Dominic Robert Andrew Johnson, Baron Johnson of Lainston  (born 6 April 1974) is a British financier, hedge fund manager and politician, the co-founder and chief executive officer (CEO) of Somerset Capital Management. He currently serves as a Minister of State in the Department for International Trade, having served in the department during the tenure of Liz Truss. Johnson has given more than £250,000 to the Conservative Party, and was its vice-chairman from 2016 to 2019.

Early life
Johnson was born in London in 1974, son of Patrick Johnson and Juliet Elizabeth, daughter of Lt Andrew John Craig-Harvey, 5th Royal Inniskilling Dragoon Guards, of Lainston House, Sparsholt, near Winchester, Hampshire, now a hotel.

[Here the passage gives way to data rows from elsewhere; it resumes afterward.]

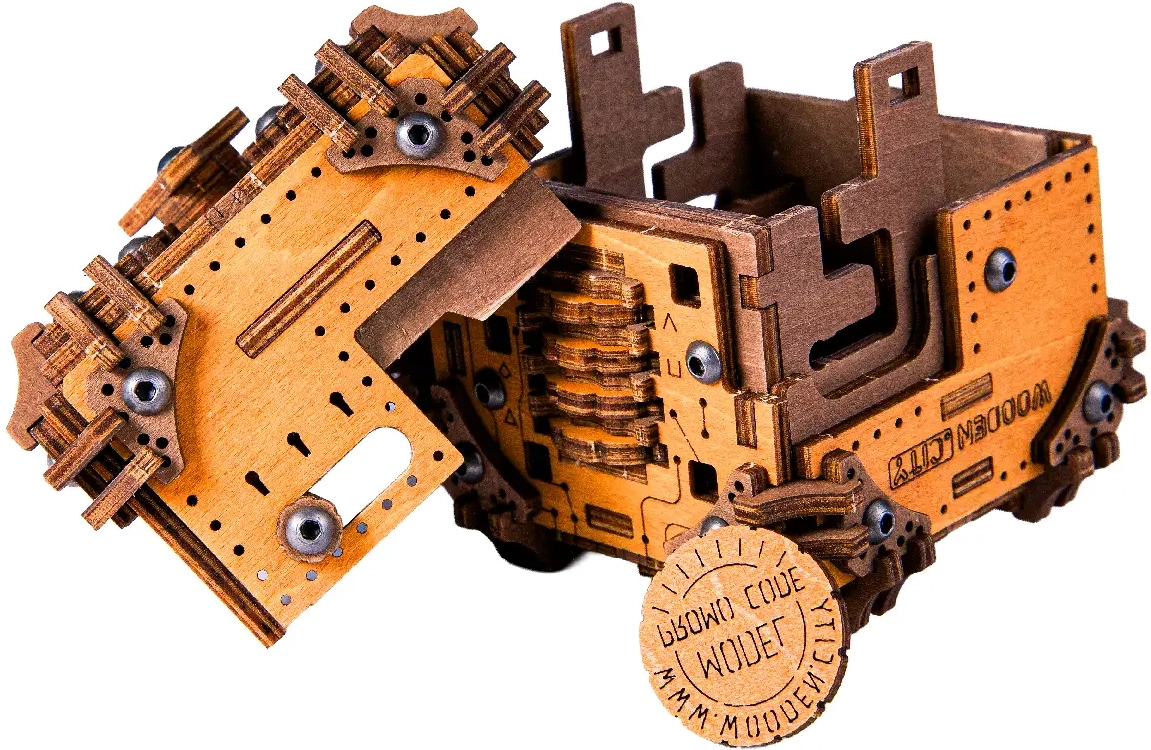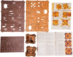 Le modèle est fabriqué en contreplaqué de bouleau écologique, les pièces s’assemblent sans colle ni outils, et la découpe laser garantit une construction fluide. Le temps de montage indicatif est d’environ 3 heures, et la difficulté 4,5/5 ravira les constructeurs expérimentés ainsi que les fans de jeux d’évasion.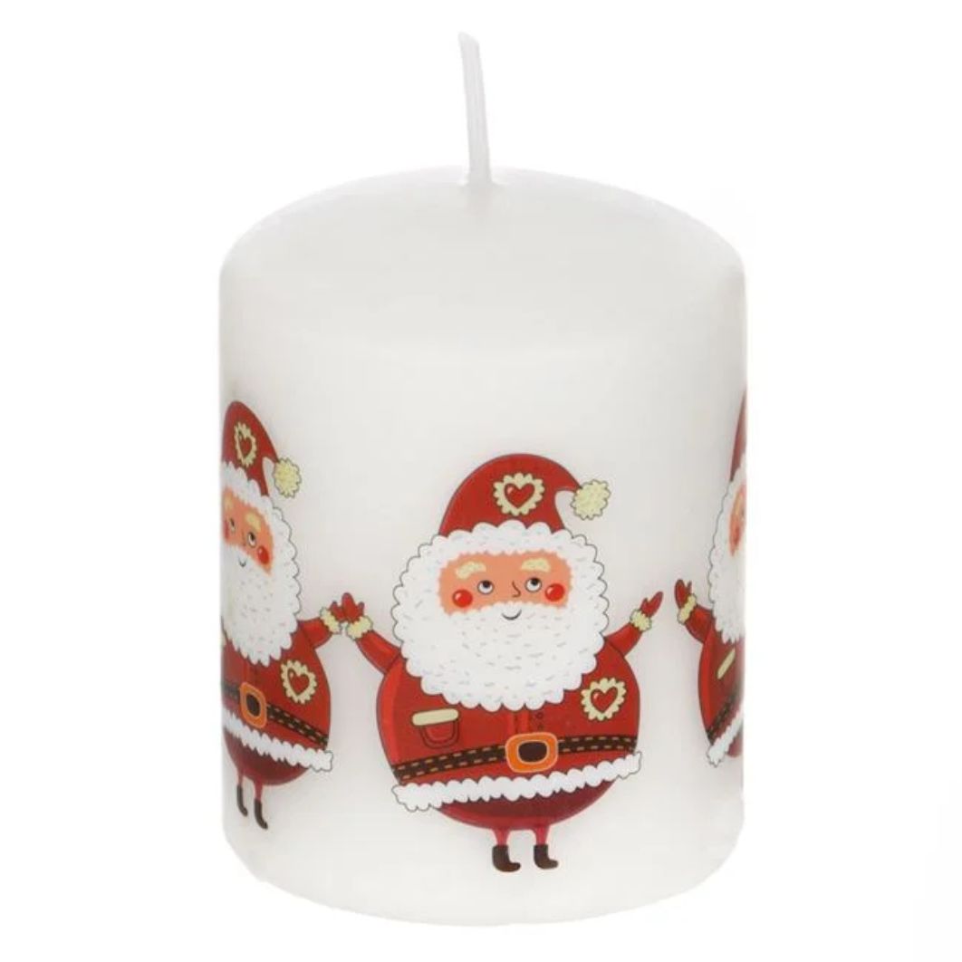 Lumanare decorativa de Craciun, alba cu figuri Mos Craciun.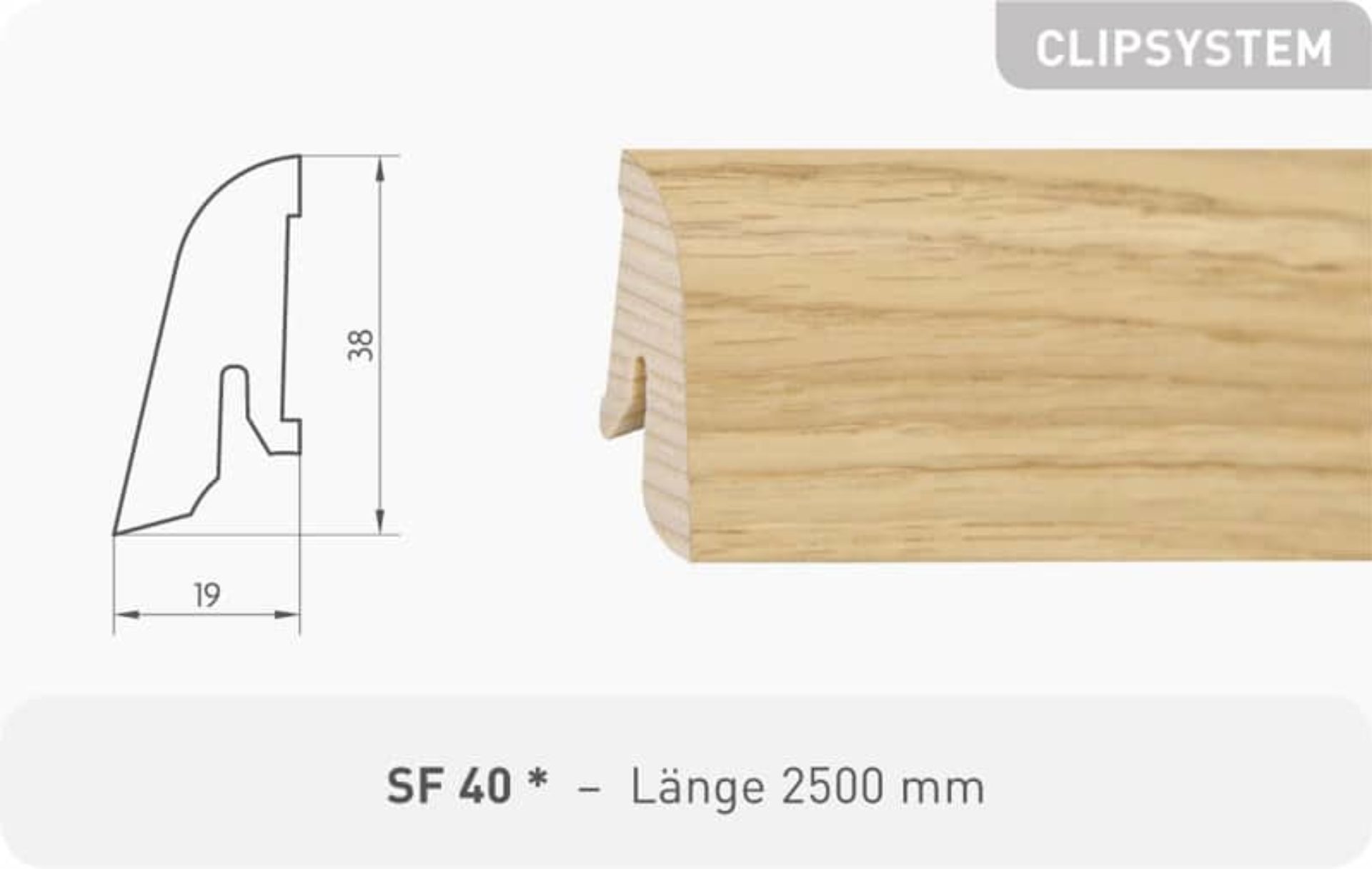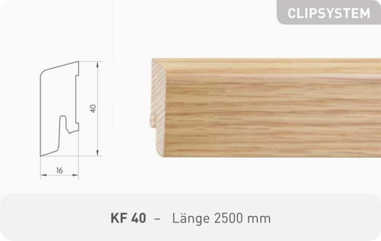 Von schlicht bis elegant – unsere Parkettleisten setzen bei Ihrem Parkettboden den besonderen Schlusspunkt. Sauber und perfekt schmiegen sie sich in unterschiedlichen Ausführungen, Farben und Formaten an die Wand. Klassische, edle Holzleisten mit dem intelligenten Clip-System runden unser Angebot ab. Sie bringen Ihren Parkettboden zu seiner Vollendung.

Juliet's mother, Mary, daughter of Royal Navy Captain Robert Bradshaw Wilmot Sitwell, CBE, was a descendant, through her mother, of the Conservative politicians Charles Cocks, 1st Baron Somers and Sir Armine Wodehouse, 5th Baronet. Johnson's maternal uncle, Nicholas Craig-Harvey, is married to Lady Julia, daughter of the Conservative politician Hugh Percy, 10th Duke of Northumberland and maternal granddaughter of Walter Montagu Douglas Scott, 8th Duke of Buccleuch, also a Conservative politician.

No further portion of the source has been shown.